Start of Information supplied

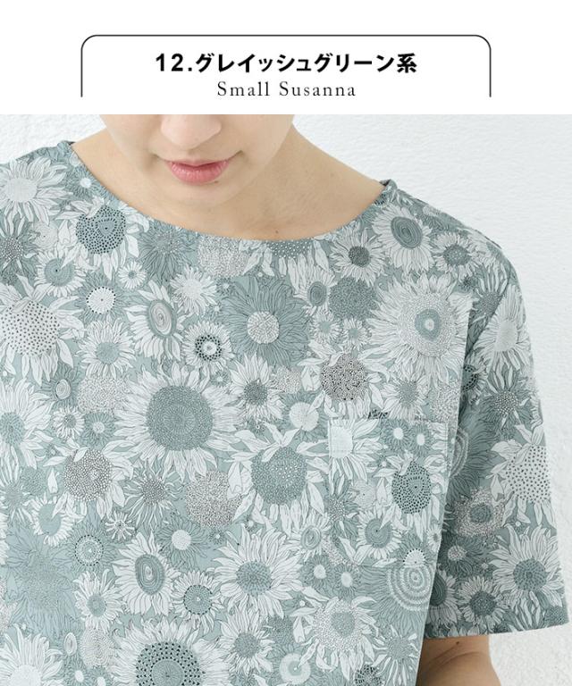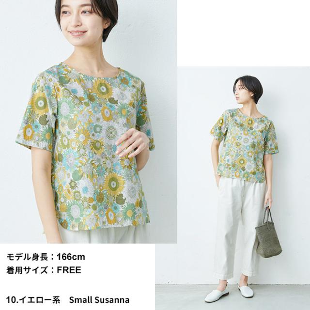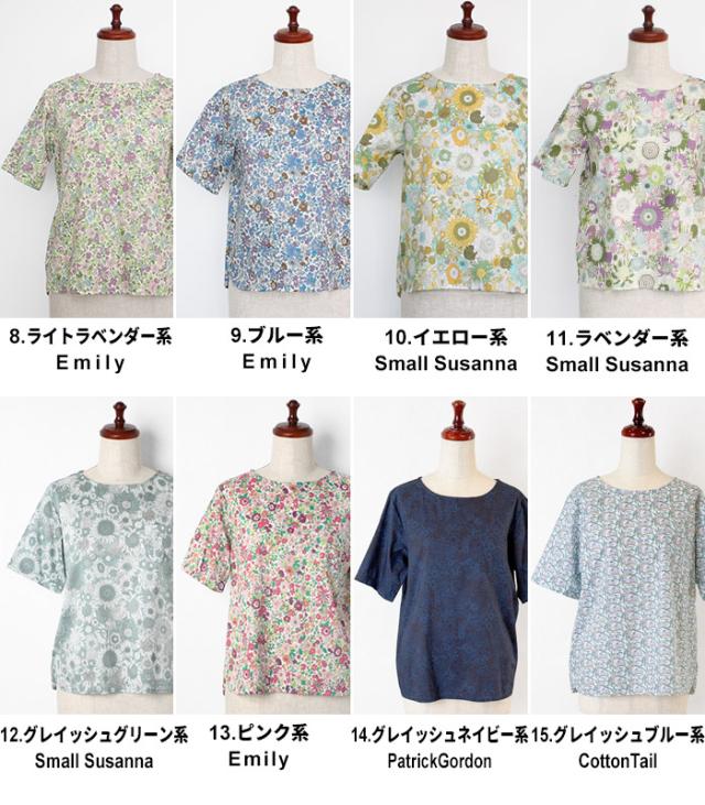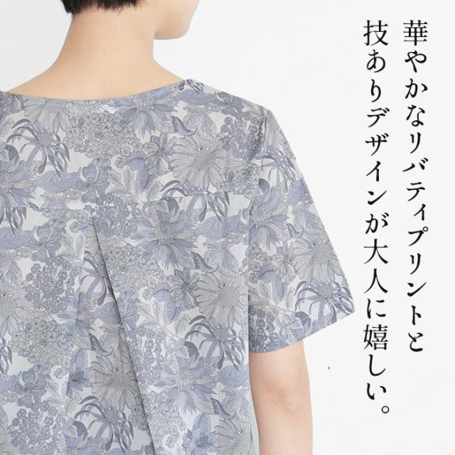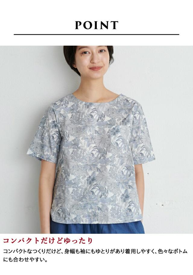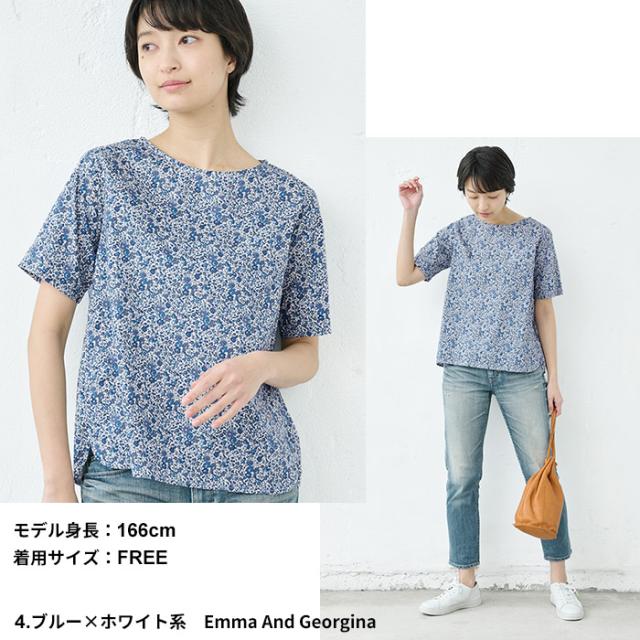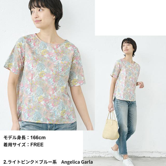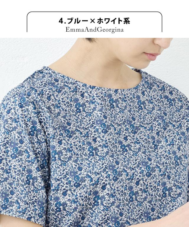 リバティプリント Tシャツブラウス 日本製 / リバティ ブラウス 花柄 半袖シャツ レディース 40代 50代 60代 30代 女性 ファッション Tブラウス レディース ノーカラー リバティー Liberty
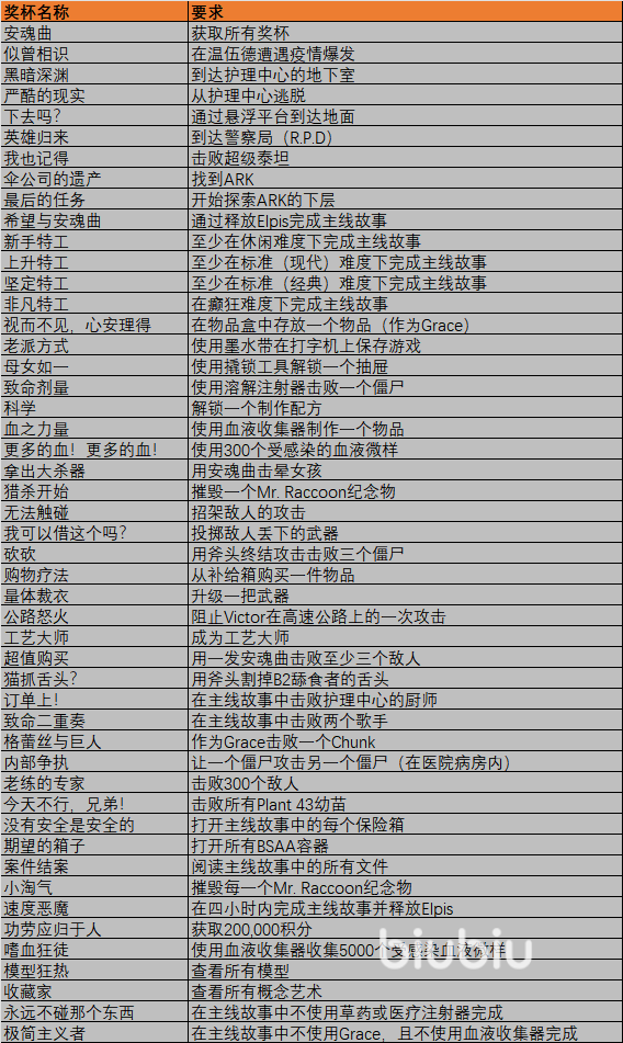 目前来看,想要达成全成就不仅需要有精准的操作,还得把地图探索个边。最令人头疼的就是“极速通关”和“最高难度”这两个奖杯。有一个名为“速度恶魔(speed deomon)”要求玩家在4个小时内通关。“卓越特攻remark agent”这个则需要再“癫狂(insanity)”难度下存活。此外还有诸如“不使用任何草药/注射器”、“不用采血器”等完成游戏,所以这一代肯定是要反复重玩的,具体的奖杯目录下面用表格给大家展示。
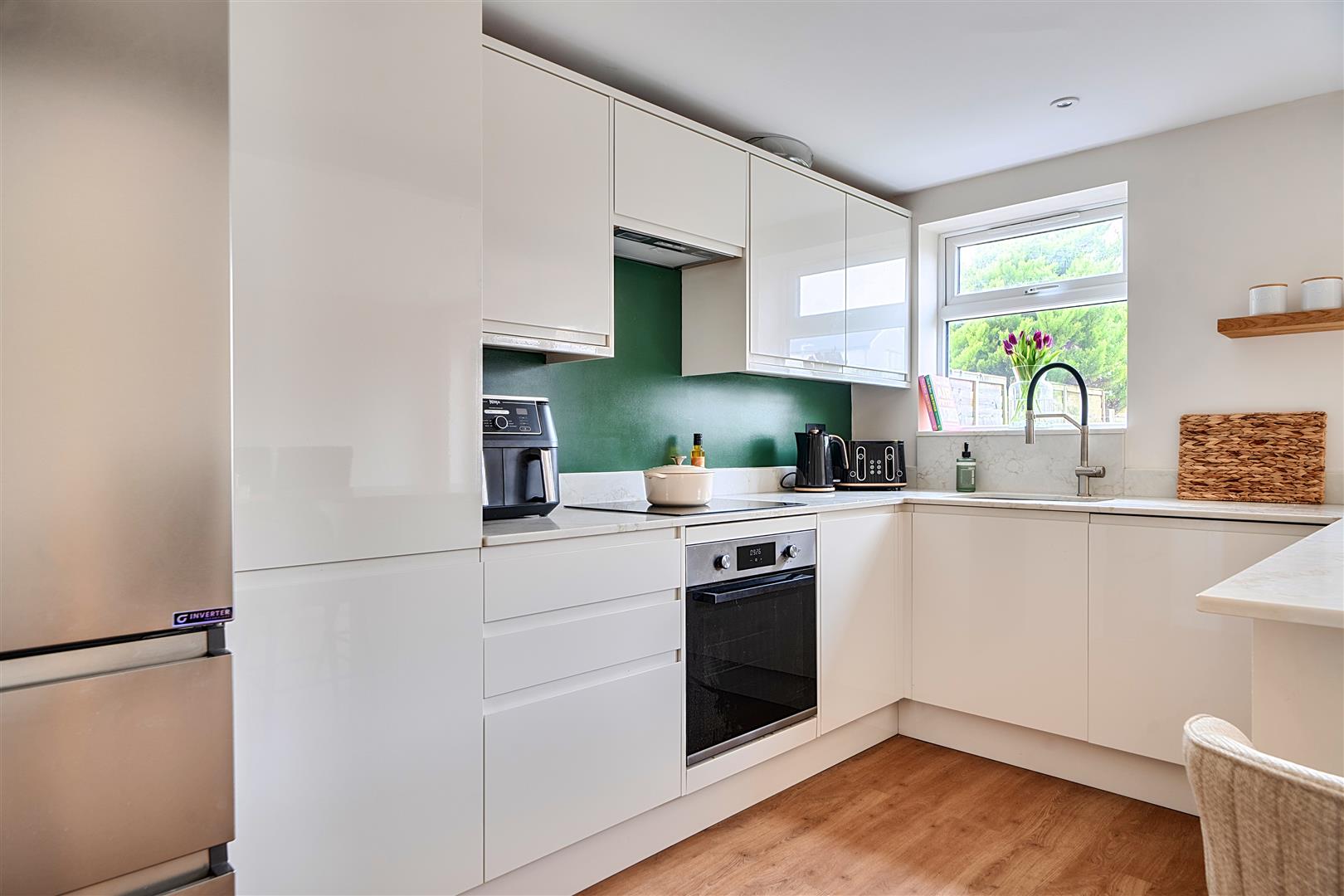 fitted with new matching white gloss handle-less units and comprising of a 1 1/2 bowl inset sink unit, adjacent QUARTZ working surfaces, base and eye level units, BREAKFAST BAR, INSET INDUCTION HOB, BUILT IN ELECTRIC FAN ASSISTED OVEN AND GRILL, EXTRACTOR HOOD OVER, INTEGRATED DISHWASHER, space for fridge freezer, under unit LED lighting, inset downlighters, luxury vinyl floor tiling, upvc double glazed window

End of Information supplied

## [Exercise goal]
Print all the material above exactly, and drop the images.

## [Answer for this exercise]
 リバティプリント Tシャツブラウス 日本製 / リバティ ブラウス 花柄 半袖シャツ レディース 40代 50代 60代 30代 女性 ファッション Tブラウス レディース ノーカラー リバティー Liberty
 目前来看,想要达成全成就不仅需要有精准的操作,还得把地图探索个边。最令人头疼的就是“极速通关”和“最高难度”这两个奖杯。有一个名为“速度恶魔(speed deomon)”要求玩家在4个小时内通关。“卓越特攻remark agent”这个则需要再“癫狂(insanity)”难度下存活。此外还有诸如“不使用任何草药/注射器”、“不用采血器”等完成游戏,所以这一代肯定是要反复重玩的,具体的奖杯目录下面用表格给大家展示。
 fitted with new matching white gloss handle-less units and comprising of a 1 1/2 bowl inset sink unit, adjacent QUARTZ working surfaces, base and eye level units, BREAKFAST BAR, INSET INDUCTION HOB, BUILT IN ELECTRIC FAN ASSISTED OVEN AND GRILL, EXTRACTOR HOOD OVER, INTEGRATED DISHWASHER, space for fridge freezer, under unit LED lighting, inset downlighters, luxury vinyl floor tiling, upvc double glazed window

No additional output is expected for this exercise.